Indeed, God saw all that Mary would do in life even before He fashioned her soul and sanctified it with His grace. Foreseeing all her actions, every one of them written in the Book of Life, culminating on Calvary at the foot of the Cross, God decreed that Mary should come into being to collaborate with Him in redeeming fallen man. It was by His grace that God worked through Mary “both to will and to work” together with Him “for His good pleasure” (Phil 2:13), for “God desires that everyone be saved and come to the knowledge of the truth” (1 Tim 2:4).
Since Mary’s body held no secret from God while she was being molded in the depths of her mother’s womb, God could appear to Abraham and tell him to sacrifice his only son upon the altar in the land of Moriah. God saw His handmaid offering up her own body – the fruit of her womb – as a living sacrifice, holy and pleasing to Him (this being her true spiritual worship) in the Temple and on Golgotha, while He was even speaking to Abraham (Rom 12:1-2). Abraham’s offering up of Isaac in faithful obedience to the will of God prefigures Christ’s offering of himself on Calvary, but not without his mother’s maternal sacrifice as an essential component. Our Lord’s Cross stood atop the same mountain on which Abraham had built his altar. Yet God would send no angel to Our Lady of Sorrows to deliver her only beloved Son from the altar of holocaust.

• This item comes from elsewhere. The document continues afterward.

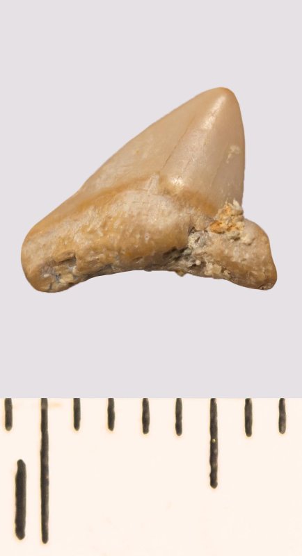 Зуб (фрагмент). Акула. Palaeoanacorax sp. Классификация: Хордовые Chordata, Позвоночные Vertebrata, Хрящевые рыбы Chondrichthyes, Пластиножаберные Elasmobranchii
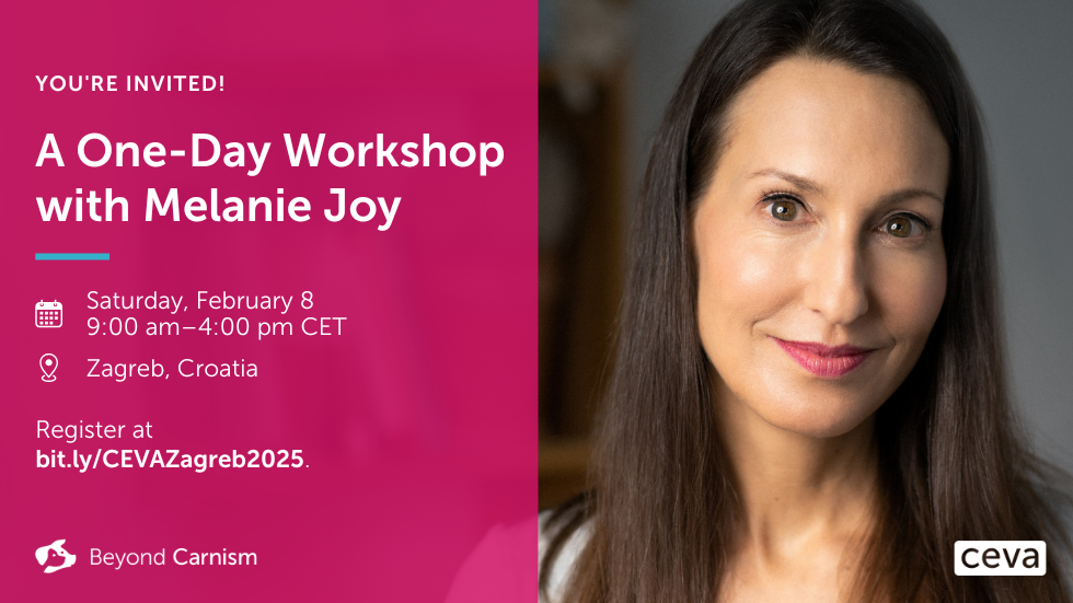 Njezina slavna autorica, dr. Melanie Joy, dolazi u Hrvatsku 8. veljače 2025. kako bi u prostoru udruge Prijatelji životinja (Jurišićeva ulica 25, Zagreb) održala jednodnevnu radionicu Centra za učinkovito vegansko zagovaranje (CEVA). Joy je autorica sedam knjiga i nagrađivana edukatorica. Specijalizirala se za učinkovito zagovaranje, društvene promjene, međuljudske odnose i komunikaciju, a njezin rad predstavljen je u vodećim medijima diljem svijeta. Dobitnica je brojnih priznanja uključujući nagradu Ahimsa, koja je prethodno dodijeljena Dalaj Lami i Nelsonu Mandeli, za svoj rad na promicanju globalnog nenasilja. Melanie Joy održala je predavanja i treninge u više od 50 zemalja, a ujedno je osnivačica organizacije Beyond Carnism.

Unless Mary freely declared, “Be it done to me according to your word” in faith and charity, she would have had no fruit to provide from her maternal womb as a burnt sin offering for mankind most pleasing and acceptable to God. But every one of Mary’s days was decreed before even one of them came into being. God saw how valiant a woman she would be just by having created her. If Abraham were willing to consecrate his only beloved Son to God and offer him back as a pleasing sacrificial offering in faith, it was only because Mary would give her assent to the will of God in faith, despite all the obscurity. Jesus would take the place of Isaac and offer himself to atone for the sins of the world, since his mother was first willing to die to her maternal self and offer the fruit of her womb back to God for mankind’s redemption.
Everything that began in salvation history with Abraham and Isaac and reached its completion with Mary and Jesus rested on that climatic moment when the angel Gabriel appeared to the young maiden in the month of Nisan (March). How all creation must have held its breath in anxious suspense at that pivotal moment. Since Mary believed what was spoken to her by the Lord through His messenger and obeyed God, the promise made to Abraham could be fulfilled: that he become the father of many nations which should include the Gentiles. This blessing Abraham received from God for having believed and obeyed Him was validated by the Divine oath God swore in view of Mary’s obedient act of faith in charity and grace.
Because of her salutary consent to be the mother of the Messiah, even Isaiah could infallibly prophesy the virgin birth (7:14), since every one of Mary’s days was decreed by God, meaning all that He infallibly knew of Mary, His handiwork, shall be. What God infallibly knows will be cannot be otherwise. Indeed, even the creation of Adam and Eve rested on Mary’s Fiat in view of their fall from grace to the detriment of humanity. An even greater good than the original paradise that was lost was the purpose of the creation of mankind. This could only come about by the incarnation of Christ and his death and resurrection. But there could be no incarnation without Mary, the promised free woman, whom God put at enmity with the serpent as His collaborator.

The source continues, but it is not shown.